III. Можно ли взять всю землю?
‘Восстановить права человеческой личности и обеспечить интересы трудового народа — такова, сказал я, задача русской революции’. По существу это, конечно, одна задача, но в ней два искомых числа — и всеобщая история до сих пор решала ее как задачу с двумя уравнениями. Для нас же она слила ее в одну формулу. От этого сама задача стала, конечно, сложнее.

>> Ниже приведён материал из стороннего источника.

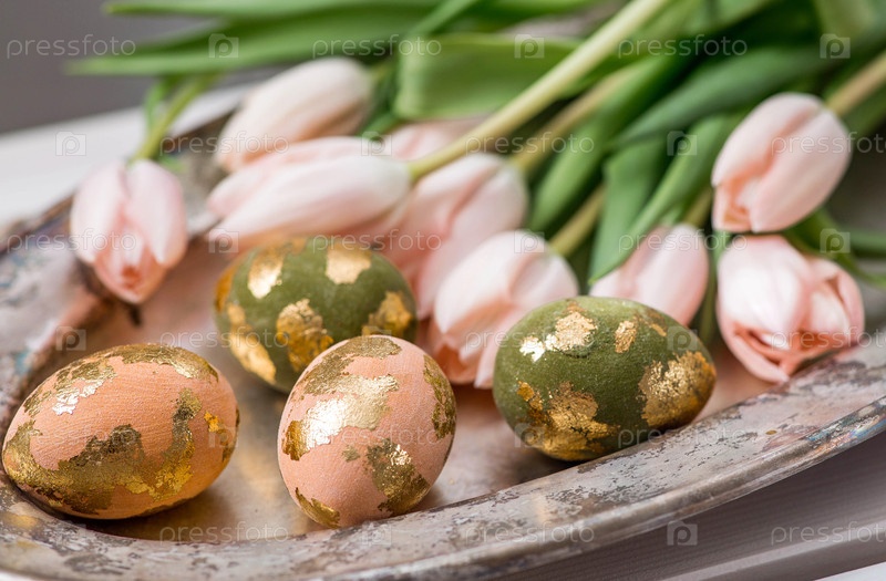 Нежные пасхальные яйца в розовых, золотых и зеленых тонах и тонкие розовые цветы тюльпанов

Вместе с тем она сделалась и труднее. Когда английский народ боролся за свободу, то во главе его были лорды, противостоял же ему только ‘двор’ — король с придворной камарильей. Во Франции борьбу пришлось вести одновременно с королем и дворянством, но буржуазия шла там в авангарде революционной армии. Русскому народу приходится иметь дело с целым комплотом: абсолютизм, феодализм и капитализм — такова преградившая его дорогу коалиция. Это, конечно, только схема, и, как таковая, она лишь в самых Грубых чертах воспроизводит сложную историческую картину. Но она достаточно наглядно, думается мне, отмечает разницу в группировке общественных сил в различные исторические эпохи: чем дальше, тем число противников, с которыми народу одновременно приходится иметь дело, оказывалось больше, и революция становилась, конечно, труднее.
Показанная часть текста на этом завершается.